Credit: Jessie Morgan

Let’s make this a celebration of your parting release. There’s a lot of empowering disco beats in the vein of Gossip, and even Warpaint, on So Long Desire. Were those bands reference points for you as a band when you started out?

Gossip was a huge epiphany for me. When I saw “Standing In The Way of Control” on VH1, I ran over to my parents’ landline (yes, I am that old), called Selina up, and said, “Oh my god!” I could hardly speak. “This is what I want to do, this is what we’re going to do”. 

When we formed the band, we didn’t care that people thought we should have a guitar. I was like, “Well, challenge accepted.” To me, it’s always been a sport to do things the way people told me not to. 

That’s the whole thing about Nelson Can. We’ve always done everything backwards, and that’s the same for this break up. We’re doing it how people would not expect us to do it and in a way, that’s the whole point of it. It was really important to us, and all our work over the years, that we don’t get upset with each other and walk out. That’s not respectful. Not to each other, not to the project, not to fans. So we had to find the strength to deal with our issues.

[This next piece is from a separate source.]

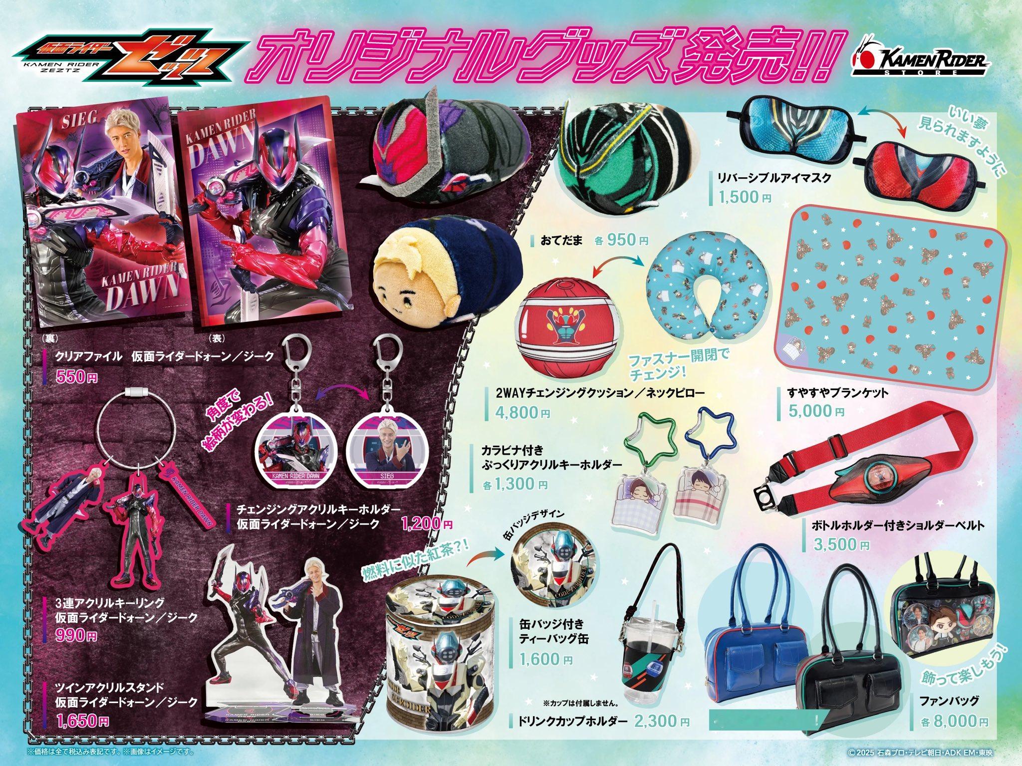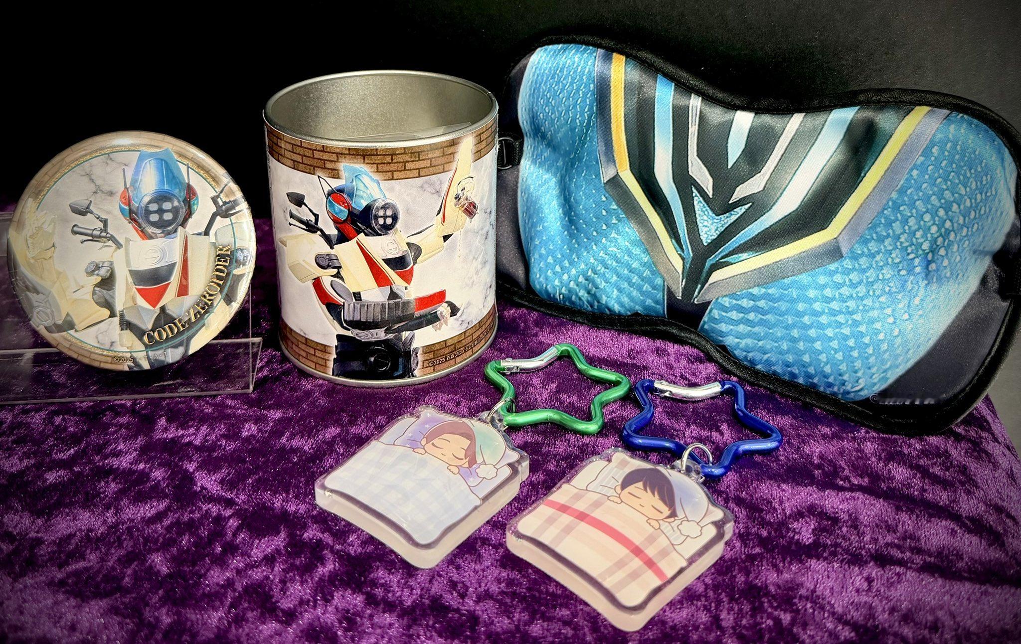 明日4/24(金)から 仮面ライダーゼッツ 新商品が一挙登場❗️💤仮面ライダードォーン / ジーク のツインアクリルスタンドやおてだまのほか、いい夢が見られそう😴なおやすみグッズもラインナップ!🌃また燃料に似た紅茶が楽しめるティーバッグ缶にはコードゼロイダーの缶バッジもセットになっています☕️✨

The title track of So Long Desire showcases your command of the octave pedal. How much do you manipulate the sounds on the desk vs. your pedalboard?

Sometimes we put layers or effects on afterward. Not because we invent the sound on the computer, but because of the way I’m set up. I split my signal into four using the Voodoo Lab Amp Selector to get this full sound. When you record it, you do get a lot of noise on the recording. Sometimes we have to record it cleaner and then add some of the effects afterward because otherwise, it would sound horrific. I have ruined the day of a lot of sound technicians! 

Credit: Jessie Morgan

Speaking of which, you’ve stuck with a “no guitar policy” as a band from the start, which is so refreshing to see. How do you think this approach steers the direction of the songs you’re writing?

When you set a very narrow framework for your work, it does somehow feed your creativity because you have to think. You have to go places that you haven’t been to before, because what on earth can you really do with a bass? 

When I started playing, it was because I was terrible at playing drums [laughs]. My music teacher said, “Well, why don’t you try the bass?” Anyone who’s played music for a long time will know that bass [was once] where you put the girls who didn’t know how to play, right? In a way, that’s the rep that bass has, which is the story I have tried to change. That’s what I had in the back of my mind when we did this. I was very determined—just because I played bass and that was the only tone instrument that we had, that should not limit us. 

Credit: Soeren Bech

Your mission as a band was to “explore the world of music without chord instruments, to make music that is different from anything you’ve ever heard before” which feels particularly poignant now in light of your news. Do you feel like you’ve succeeded?

Last year, when we decided to break up, we could’ve just walked out and said that was it. I felt that we would be letting a lot of people down if we did it like that. I don’t want to put myself on a pedestal or anything, but I think what I have done as a musician has mattered and continues to matter. We have pushed some boundaries for music creation. We have inspired not just women but men and non-binary people to go on and do their thing, whatever their thing is. 

Just because you decide to discontinue something doesn’t mean it’s a failure. We’re very fast or quick to label ourselves failures: we’re not thin enough, we’re not rich enough or popular enough with enough likes on Instagram, or whatever. But none of that stuff matters. It matters how you feel inside, to have good friends, to feel like you have a creative outlet. Take control of your narrative as a musician, and don’t let anyone dictate what your career looks like.